The Domain is where the science happens
The End User is my "data scientist": This person delivers the last mile of data science (per Roger Tomlinson's thesis. This person might already be a scientist. In my case, it's environmental scientists and subject matter experts. They fill the roles of the data scientist here. They know what they need from the data already. They've had to deal with running statistics in Excel for years or they've fumbled through Access databases to try and get their jobs done. They don't need a multidisciplinary college-educated data scientist to swoop in and tell them how to do their jobs or tell them what to glean from their data, they just need a better way to deliver this. There are complex statistical packages in R that are academically tied to the domain that these folks are salivating to deliver in the browser, but they educate us on the applicability, not the other way around. This leads me a bold claim....

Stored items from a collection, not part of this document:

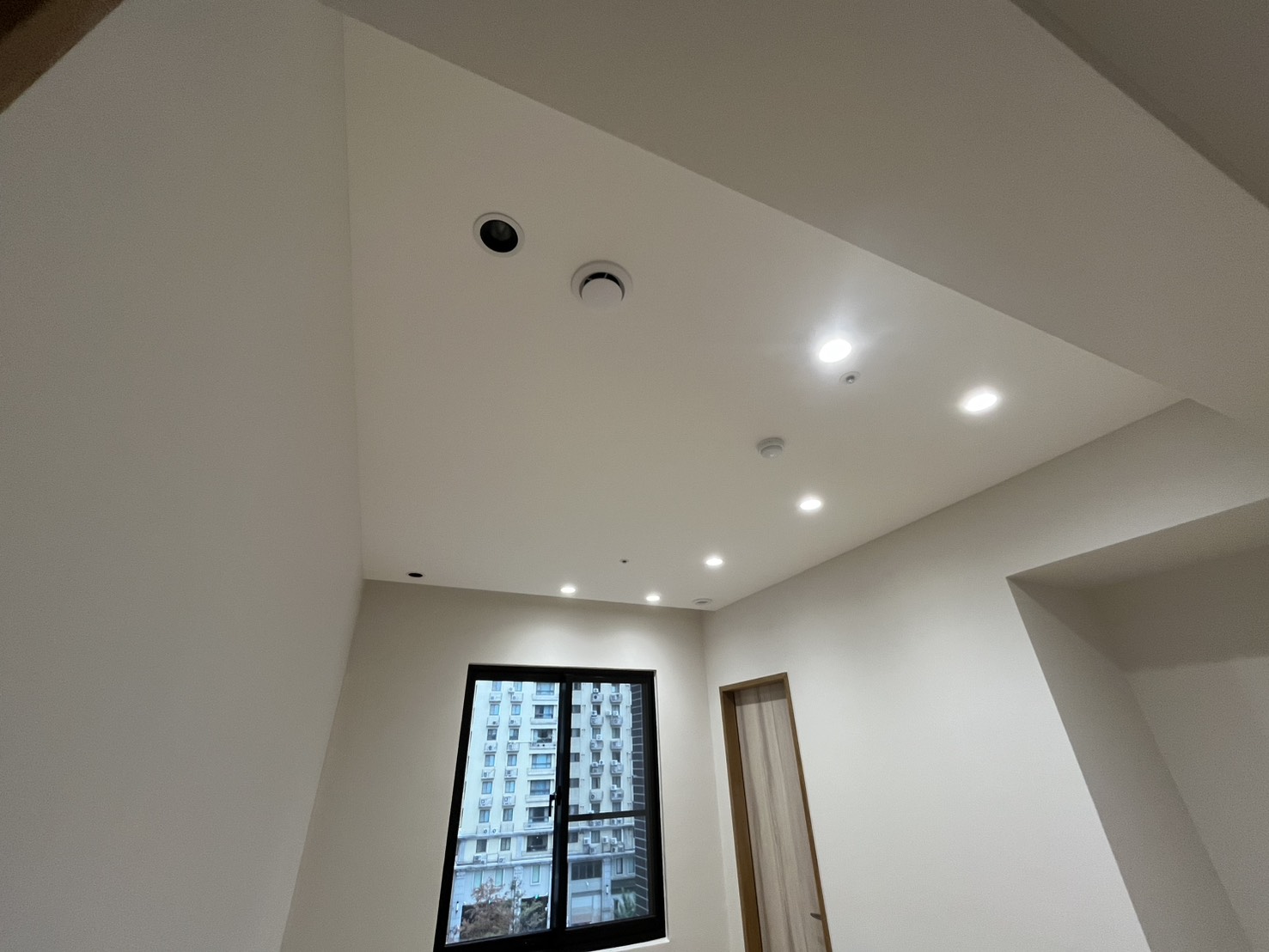 此外,業主另加裝空氣品質偵測器,並整合 Wi-Fi 功能,可透過 Apple Home Key 進行控制,包含手機操作與語音指令啟動。空氣品質偵測器亦可即時顯示二氧化碳、PM2.5 與甲醛等數據,使居家環境狀態更加透明。整體系統完成後,業主對施工成果與實際使用效果皆表示滿意。
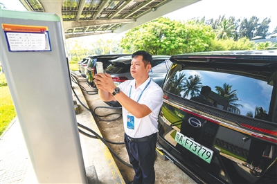 博鳌近零碳示范区,工作人员为电车充电。 本报记者 袁琛 摄
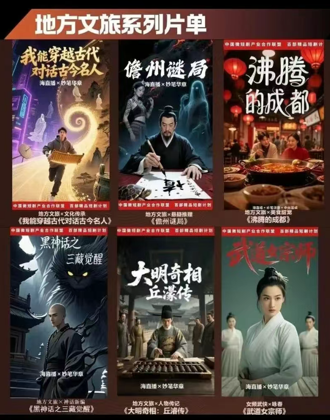 地方文旅融合系列聚焦文化传承与地域特色,《我能穿越古代对话古今名人》打通古今对话场景,《儋州谜局》融入海南地域悬疑元素,《沸腾的成都》以美食甜宠展现城市魅力,更有《琼海遗珠》《织海谣》等非遗题材作品,推动地方文旅与影视内容深度绑定。
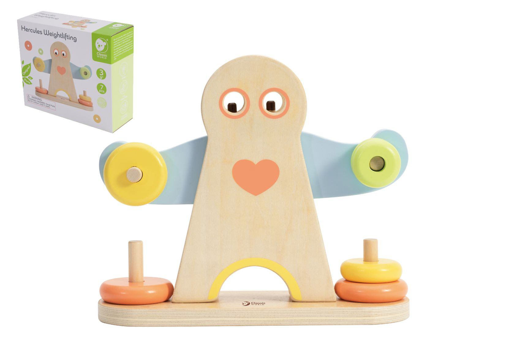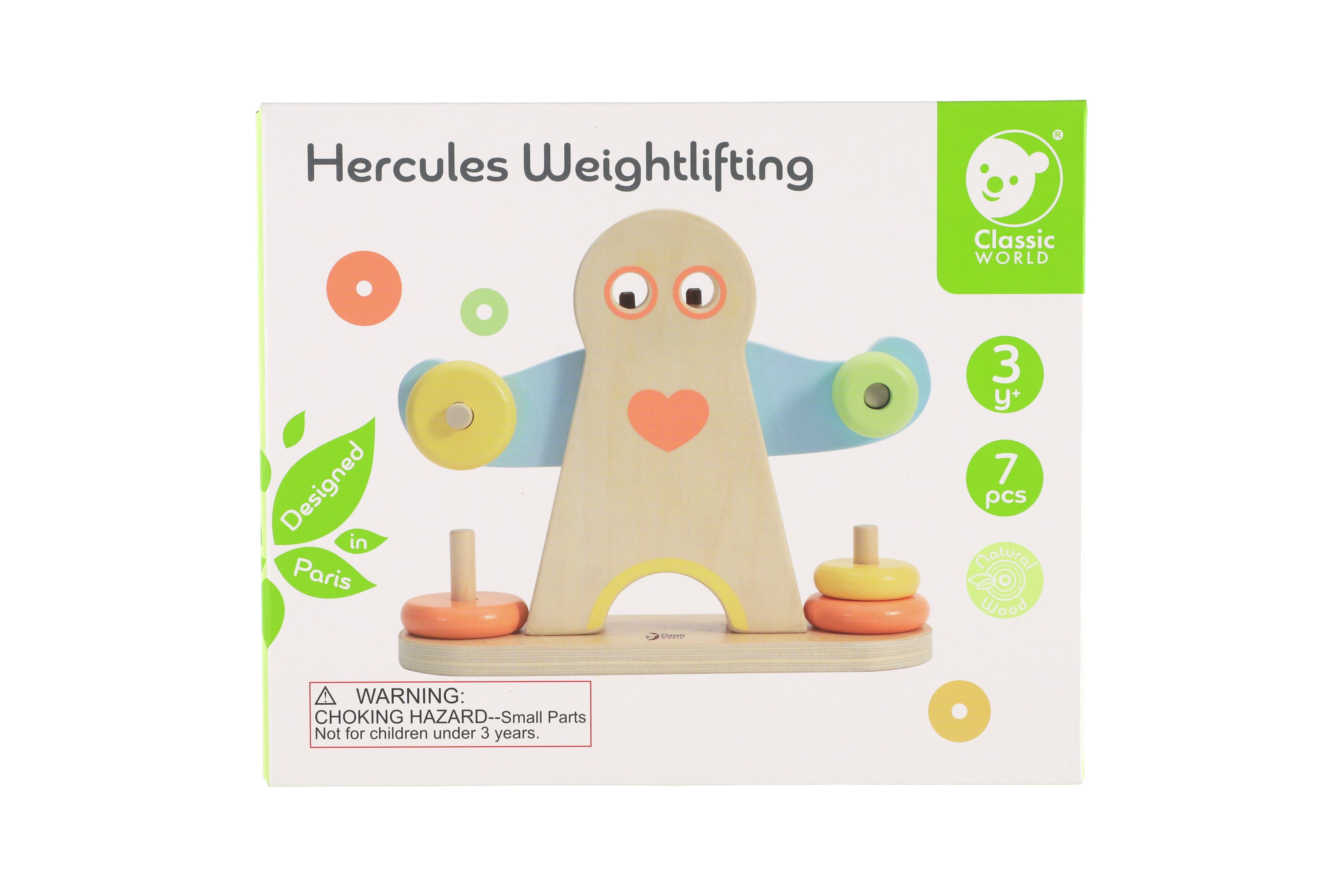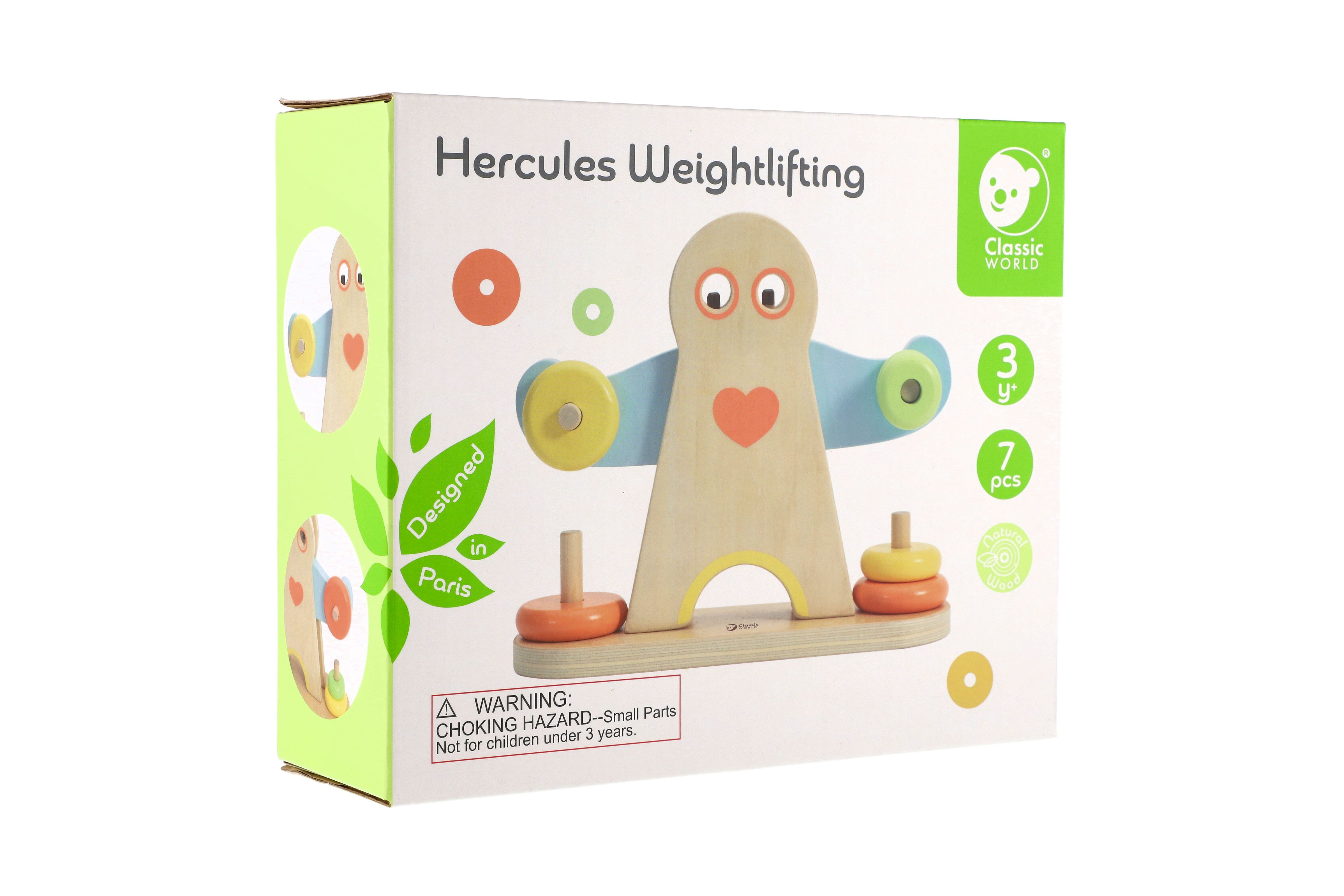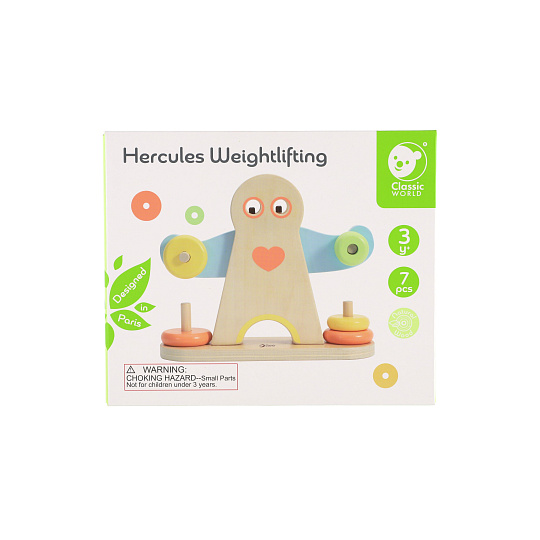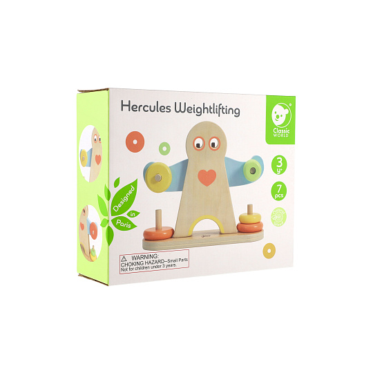 Podívejte se, jak je Herkules silný. Změnou závaží na pažích Herkula se děti mohou naučit o hmotnosti. Balení obsahuje 7 dřevěných dílků. Rozměr krabice: 24 x 20 x 8 cm Vhodné pro děti od 3 let

There are no "data scientists" on my payroll. Jonny's article speaks to a bigger problem in data science. The person who might identify with what he's talking about might be a "trained data scientist", who's been schooled in narrowly focused academic python/r exercises, tensorflow, hadoop, or (I hope not) an off-the-shelf drag-n-drop tools like tableau or Power BI. The data science that everyone romanticizes about with virally-awesome visualizations, machine learning, neural networks, and artificial intelligence is built on the blood, sweat, and tears of the "boring" fundamental work of the aforementioned roles. You're not going to walk into a gig and deliver these things at scale unless an organization is ready and worthy. It's a team sport, and it's a tough curve to climb.
The most immediate applicable data science programs are domain-specific-- think bioinformatics, or quantitative finance. In many cases a different program will take your money, "make you a data scientist", and turn you into a shallow multi-disciplinary generalist-- people are jumping into this field and now there's masses of people armed with solutions who have very little interest in REALLY defining the problems embedded deep in a domain. Thus, that's why we're seeing many people ever-still in-search in this field. They believe they're entitled to the sexy bits, and they think it'll exist in an organization that's "ready to hire our first data scientist!". Most organizations are still climbing the curve of data management, data governance, and data quality. Sorry bud, you've come from the future, armed with your Coursera Jupyter notebook machine-learning chops: You need to cool it, and understand that to get to that point, you need to slog through the tough truths of what it takes to build a culture of data science. Start with the unsexy fundamentals (the broom), learn about the business of your business, be patient, and eventually, hopefully not alone, you'll create something amazing. If this bores you, then you probably just need to seek a job in academia/university, where you can get paid to simulate and research real-world problems with data science while the real-world catches up.